-- SUPPLIED ENTRIES follows --

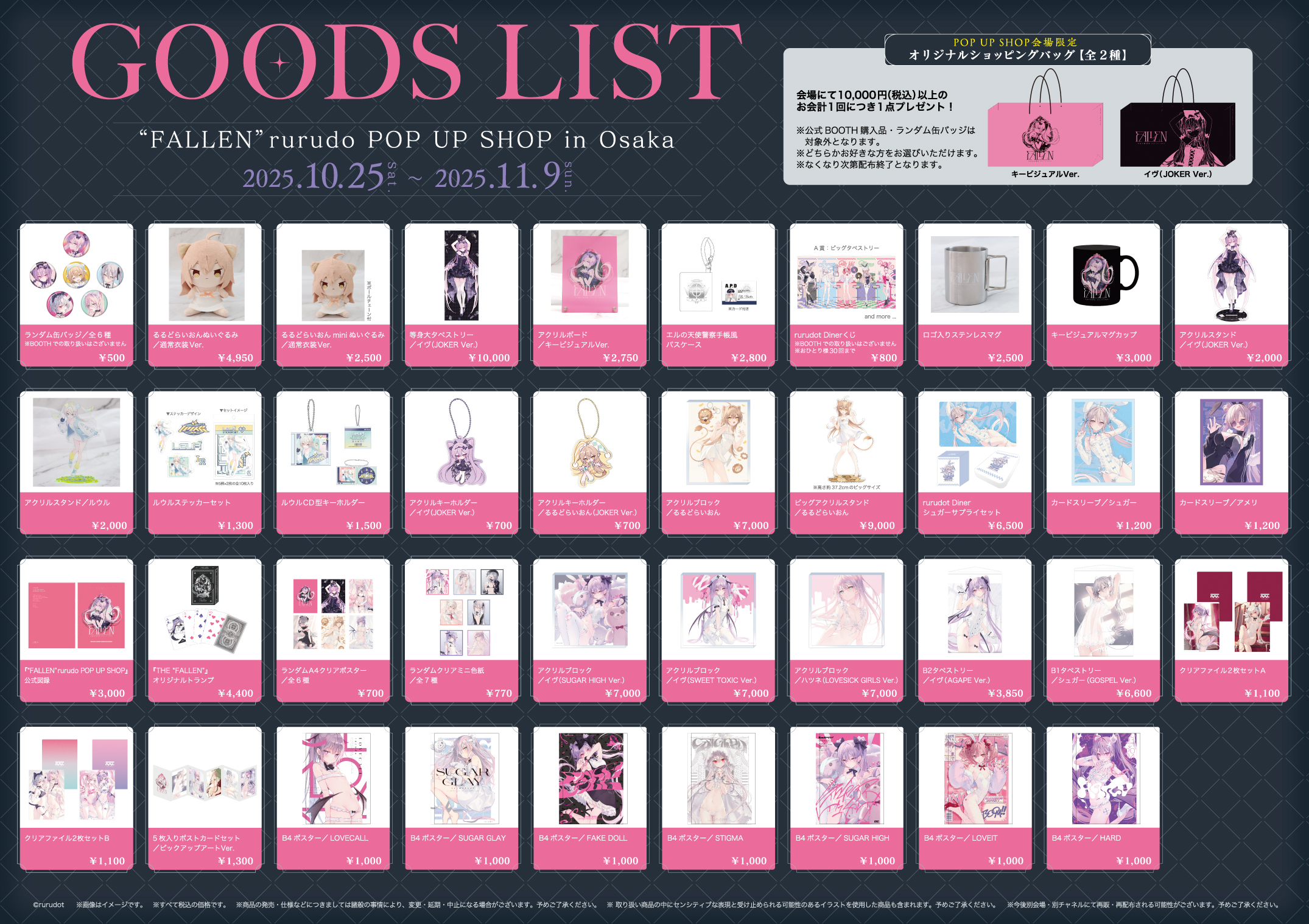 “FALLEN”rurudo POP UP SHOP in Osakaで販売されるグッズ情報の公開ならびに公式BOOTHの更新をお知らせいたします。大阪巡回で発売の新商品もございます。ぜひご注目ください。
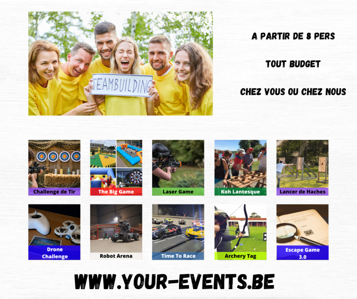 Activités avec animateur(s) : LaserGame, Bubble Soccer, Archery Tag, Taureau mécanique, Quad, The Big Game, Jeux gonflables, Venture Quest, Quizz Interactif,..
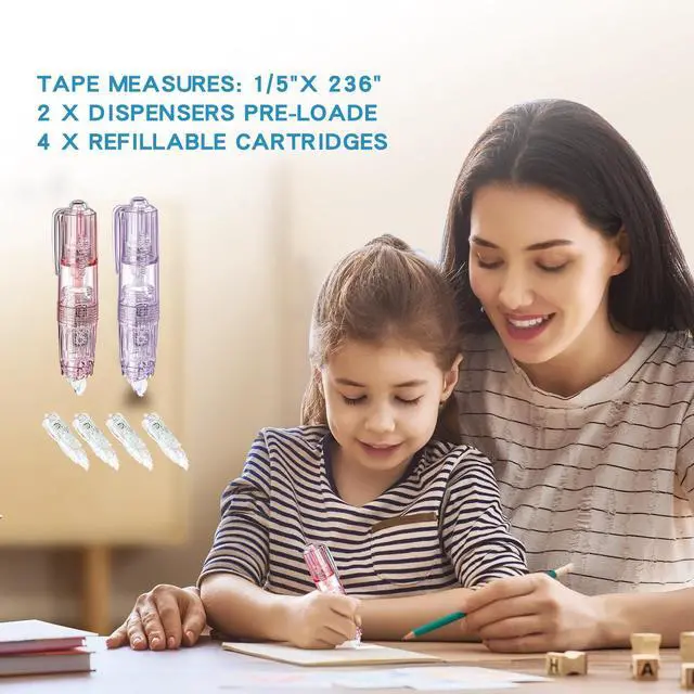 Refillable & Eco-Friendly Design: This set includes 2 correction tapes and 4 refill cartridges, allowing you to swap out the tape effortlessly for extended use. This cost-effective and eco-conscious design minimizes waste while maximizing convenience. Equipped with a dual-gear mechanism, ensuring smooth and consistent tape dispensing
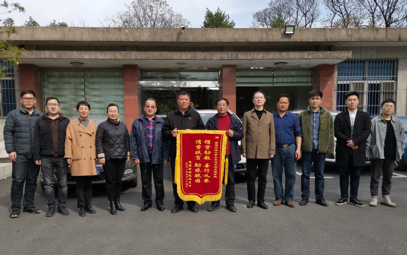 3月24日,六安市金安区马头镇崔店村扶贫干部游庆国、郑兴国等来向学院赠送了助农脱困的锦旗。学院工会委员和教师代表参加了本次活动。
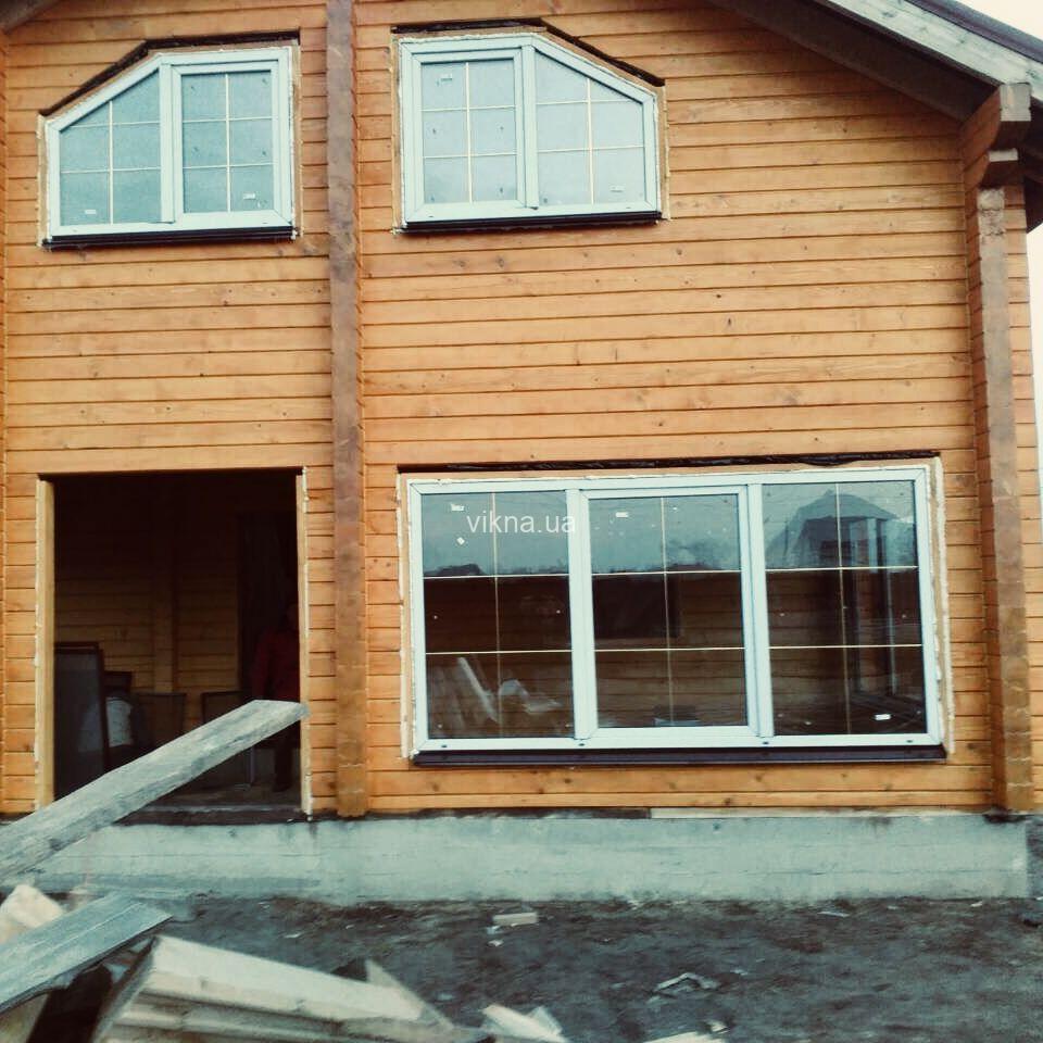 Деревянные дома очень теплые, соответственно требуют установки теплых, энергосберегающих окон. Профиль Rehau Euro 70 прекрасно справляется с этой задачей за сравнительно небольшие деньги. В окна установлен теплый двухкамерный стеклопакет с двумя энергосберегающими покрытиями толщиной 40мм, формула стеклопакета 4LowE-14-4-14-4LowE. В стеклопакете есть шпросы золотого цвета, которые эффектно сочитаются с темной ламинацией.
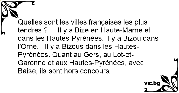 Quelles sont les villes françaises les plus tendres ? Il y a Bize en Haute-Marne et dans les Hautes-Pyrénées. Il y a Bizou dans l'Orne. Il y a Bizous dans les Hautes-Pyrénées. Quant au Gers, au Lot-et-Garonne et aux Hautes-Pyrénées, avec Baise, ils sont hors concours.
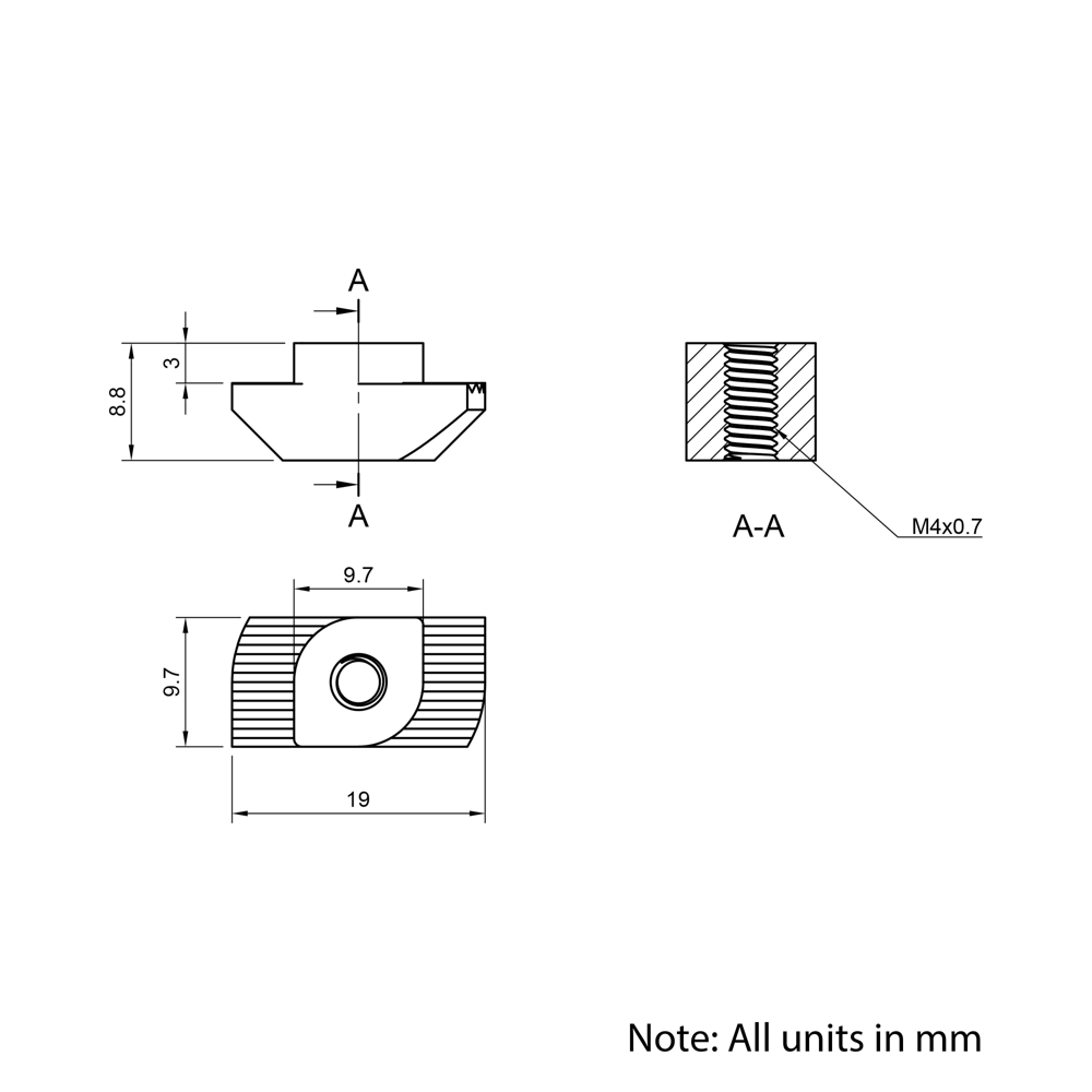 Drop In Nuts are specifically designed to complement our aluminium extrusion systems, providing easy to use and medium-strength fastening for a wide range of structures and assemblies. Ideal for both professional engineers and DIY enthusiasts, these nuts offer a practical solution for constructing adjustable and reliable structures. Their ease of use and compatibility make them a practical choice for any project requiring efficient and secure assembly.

-- SUPPLIED ENTRIES concluded --

### REQUIRED WORK
Restate word for word every line from the top of the entries above to the line with "3月24日,六安市金安区马头", inclusive, and skip any pictures.

### EXERCISE OUTPUT
 “FALLEN”rurudo POP UP SHOP in Osakaで販売されるグッズ情報の公開ならびに公式BOOTHの更新をお知らせいたします。大阪巡回で発売の新商品もございます。ぜひご注目ください。
 Activités avec animateur(s) : LaserGame, Bubble Soccer, Archery Tag, Taureau mécanique, Quad, The Big Game, Jeux gonflables, Venture Quest, Quizz Interactif,..
 Refillable & Eco-Friendly Design: This set includes 2 correction tapes and 4 refill cartridges, allowing you to swap out the tape effortlessly for extended use. This cost-effective and eco-conscious design minimizes waste while maximizing convenience. Equipped with a dual-gear mechanism, ensuring smooth and consistent tape dispensing
 3月24日,六安市金安区马头镇崔店村扶贫干部游庆国、郑兴国等来向学院赠送了助农脱困的锦旗。学院工会委员和教师代表参加了本次活动。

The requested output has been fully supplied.